Injury & Accident Attorney Serving Nearby Areas of Columbus & Fort Benning, Georgia and Phenix City, Alabama

Gary Bruce on Landlord Responsibilities:

Gary Bruce discusses both landlord and tenant obligations as well as how to solve problems that may come up in a landlord/tenant relationship. It is important to remember that landlords are responsible for injuries if they result from negligent construction, as well as failure to keep the premises in good repair. This holds true even if the landlord hired someone else to do the repairs. Tenants also have an obligation to notify their landlord in writing of any problems. Gary advises that tenants should get a copy of their lease and know what their lease requires. It is also important to always notify a landlord about problems in writing, when possible.

If you have questions about the responsibilities of your landlord or have been injured while renting, you may have rights for recovery of compensation.  Please feel free to call the Law Offices of Gary Bruce for a free consultation.


Maureen: Welcome to legal break I’m Maureen Akers and with us today Gary Bruce as always. Gary thank you so much for joining us again.

Gary: Good to be here thank you

Maureen: Well this is an issue that seems to come up often it has to do with tenants and landlords and tenants having difficulty with their landlords. What are the landlord responsibilities when fixing the property and all of that?
Gary: Well, good question – what is a landlord’s obligation. They’re liable and responsible for injuries that arise from negligent construction if they’re involved in the construction aspect or know what’s going on. They’re responsible also for failure to keep the premises in good repair. So these are Georgia laws anyway, and it’s pretty consistent throughout our region. And so a landlord is not allowed to step aside from its obligations to keep premises in livable condition.

So, what it was the obligation on the tenant? Well if you take control you know the landlord isn’t in and out of your premises very often, which they probably shouldn’t be, so you need to give notice. You know if there’s a problem then you need to give notice, and there is an obligation generally on a tenant to give notice to the landlord that there’s a problem that needs fixing. So, what do you? Make sure you put it in writing and then hopefully it gets tended to. Here’s a question that comes up – so the landlord hires kind of a jake-leg to come in there and do a sorry job fixing it, and it doesn’t really fix it, and then you get hurt. Can the landlord say well I have to hire old Jerry to do it and it didn’t work out? No, he can’t.

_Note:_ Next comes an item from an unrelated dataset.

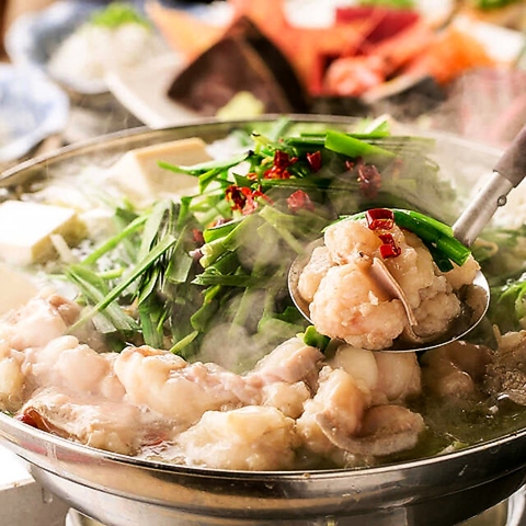 冬の寒さに負けない充実の贅沢鍋コース。もつ鍋を中心に、豚カツや春巻き、串焼きなど多彩な味わいを楽しめます。宴会はもちろん、接待やお祝いにも最適な充実の内容です!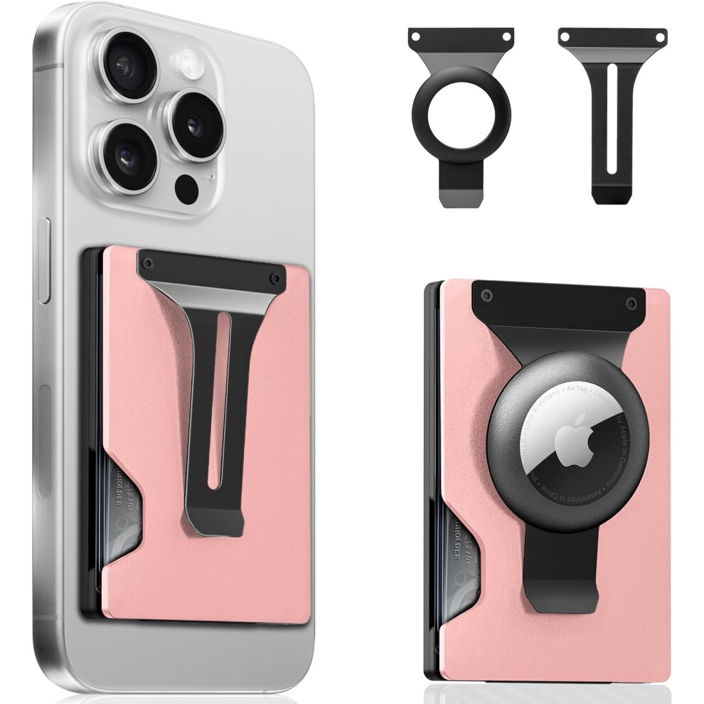 HIESGIE MagSafe Wallet Compatible with iPhone 16/15/14/13/12 Series, Mag Safe Card Holder with Money Clip & RFID Blocking, Slim Metal Wallet for Women, Minimalist Magnetic Phone Wallet, Pink

He can’t delegate that duty. He, she, it has a duty to make the premises livable and safe.

Maureen: So the onus is on him to hire the person that’s going to be the best one for the job?

Gary: That’s right they can hire somebody to do a bad job, but they’re still going to be responsible for not having done it right. So Georgia law is pretty clear that it’s our public policy to keep people’s homes in good condition and make it safe for people to live.

Maureen: Right, absolutely. So do you have any advice for residents or family members to have these issues rectified, you know, before an injury occurs?

Gary: Well, the thing to do is, one, know what your lease says, know what the obligations are, and know what that document says. That is not going to override a landlord’s obligation though. So if you have problems or issues with the property, let the landlord know. And then if you need to fix it yourself, you know, there is a duty at some level to mitigate damages that you know or should know, or can fix. You know, is it your responsibility? Maybe not, but maybe that’s the prudent thing to do. And then discuss how you get reimbursed for that. But generally, put them on notice, let them know what’s going on, and let them get it fixed for you. And if they don’t, shame on them.

Maureen: Thank you so much for joining us Gary, and we look forward to seeing you in the very next legal break.